Functions | Dynamics | Rotation
Comments [Hide comments/form]
Has anyone ever experimented and actually checked the damping/strength recommendations?
-- ChristopherOmega (2004-03-09 20:57:58)
How can I get something to always stay level (x and y axes) but letting it rotate any direction on vertical/up/z axis?
-- EepQuirk (2005-09-25 16:43:33)
*twitch twitch*
llSetStatus(STATUS_ROTATE_X | STATUS_ROTATE_Y, FALSE);
-- BlindWanderer (2005-09-25 18:52:52)
or you could turn it into a vehicle and use vertical attraction.
-- BlindWanderer (2005-09-25 20:43:41)
I found the easiest way to do this was to convert the rotation into euler, and zero-out the X and Y components.
-- ChristopherOmega (2005-09-25 21:47:05)
hmm that works.

I think this will work too.
rotation zero_xy(rotation a)
{
    a.s = llSqrt(a.x * a.x + a.y * a.y + a.s * a.s);//if you knew it were a normal rotation you could replace this with a.s = llSqrt(1 - a.z * a.z);
    a.x = a.y = 0.0;
    return a;
}
-- BlindWanderer (2005-09-25 23:17:29)
I mean using llRotLookAt...
-- EepQuirk (2005-09-27 03:44:43)
Ergo the fragment of code just above your clarification that BW posted. I believe llRotLookAt(zero_xy(llGetRot()),<strength>,<damping>) is the intended use of the zero_xy function posted above.

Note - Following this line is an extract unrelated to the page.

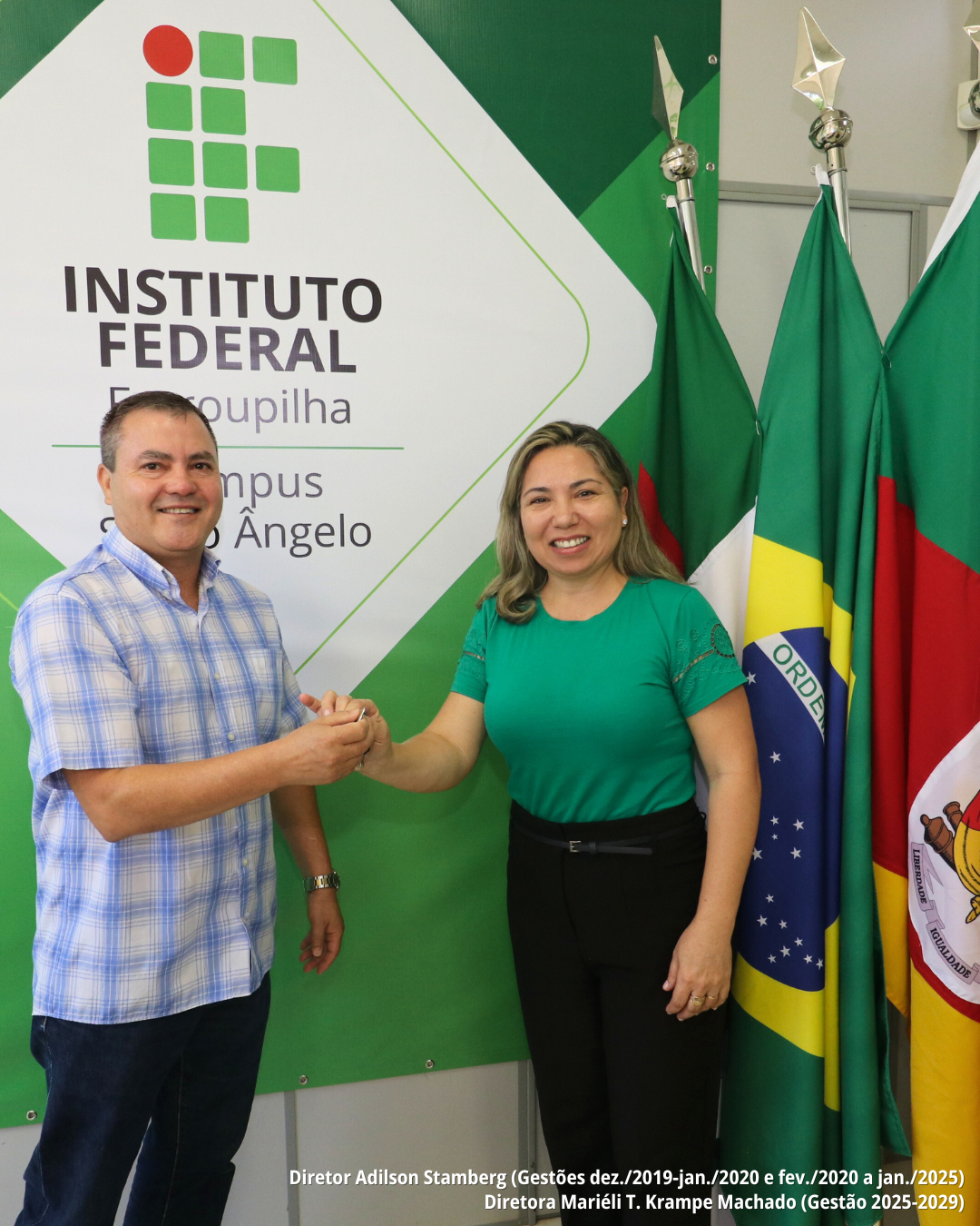 No dia 05 de fevereiro de 2025 ocorreu a reunião de transição da gestão do Instituto Federal Farroupilha - Campus Santo Ângelo. Na ocasião o Professor Adilson R. P. Stamberg - Diretor Geral na gestão de dez./2019 a jan./2020 e fev./2020 a 03 de fev./2025 compartilhou um balanço sobre as principais ações desenvolvidas ao longo deste período à nova equipe diretiva, sob a gestão da Professora Mariéli T. Krampe Machado - Diretora Geral eleita para a gestão 2025-2029. A nova gestão teve início oficialmente no dia 03 de fevereiro de 2025, conforme publicação no Diário Oficial. Este momento representa a continuidade do trabalho em prol da educação pública, gratuita e de qualidade, reafirmando nosso compromisso com o ensino, a pesquisa e a extensão.

-- WolfWings (2005-09-27 05:07:47)
sorry was very tired when i wrote that little function, it doesn't work properly
-- BlindWanderer (2005-09-27 13:11:47)
It doesn't work (either method). The object still remains in a fixed position on all axes. I want to make something stay horizontal but rotate on the vertical axis freely.

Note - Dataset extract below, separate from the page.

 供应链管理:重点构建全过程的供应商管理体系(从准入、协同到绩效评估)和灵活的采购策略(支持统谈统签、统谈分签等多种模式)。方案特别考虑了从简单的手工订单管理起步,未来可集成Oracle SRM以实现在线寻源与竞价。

-- EepQuirk (2006-02-13 02:50:26)
Here's my "fun and easy" way :)
// axisKeep is a "boolean vector", it should have 1 for the
// axies you want to keep, 0 for the axes you want to drop.
// to keep only the rotation along the y-axis, you'd pass <0, 1, 0>
rotation zeroAxis(rotation rot, vector axisKeep) {
    vector euler = llRot2Euler(rot);
    return llEuler2Rot(<euler.x * axisKeep.x, euler.y * axisKeep.y, euler.z * axisKeep.z>);
}
Cheap, I know, and it probably screws fancy mathematical things up, but this is the only way I know how to do it (and Im pretty sure it works).

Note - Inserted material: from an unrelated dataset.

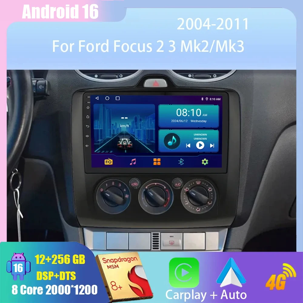 Radio para Auto Android 16 para Ford Focus 2 3 Mk2/Mk3 2004-2011, Carplay, Reproductor Multimedia 2 Din, GPS, 4G, Estéreo, RDS, Unidad Principal
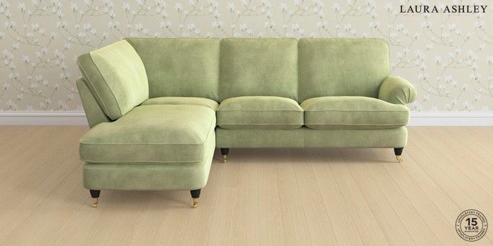6.12.1 Buy Beaumaris by Laura Ashley Medium Sofa Chaise - Left Hand Orla Pale Hedgerow Green Low Brass Castor - Black from the Next UK online shop Click here to use our accessible website

-- ChristopherOmega (2006-02-13 07:22:05)
Doesn't work either; tried passing llGetRot() and <-.70711,0,0,.70711> as rot, and <0,1,0> for axisKeep (and other single axes and even 2 axes) but zeroAxis() still keeps all 3 axes.
-- EepQuirk (2006-02-13 17:26:29)
Thought, why not use the vehical functions? There is a vehical flag for keeping things level.
-- BlindWanderer (2006-02-14 02:56:51)
I don't want it to be a vehicle. Why is it so hard??
-- EepQuirk (2006-02-16 13:24:53)
I notice that llLookAt does the desired effect you want by default Eep, llRotLookAt allows a lot of "drift" on axis, while llLookAt is very good at minimizing drift. The only downside is, of course, that it treats the vertical axis as "forward."
-- KokiriSaarinen (2006-07-01 03:16:42)
llLookAt doesn't work either.
-- EepTwin (2006-07-12 03:09:59)
Repaired the monospacing.
-- DolusNaumova (2006-07-14 06:07:04)
I'm looking for the same thing EepTwin is, and I've yet to find it. There has to be a way.
the llSetStatus doesn't work, it seems.
-- EagleBird (2006-08-11 12:22:04)
How do you get this to work with physical objects? I had to change the status of object to non-physical to get this to work, and then switch it back to move it.
-- pool-71-255-144-61.cncdnh.east.verizon.net (2007-08-13 06:20:46)
Removed llSetLocalRot working on attachment questions as it appears to be non-sequitor ~Redux
-- cpe-76-171-61-100.socal.res.rr.com (2007-10-08 17:36:45)
Does this on avatars that are sitting on phys/non-phys objects?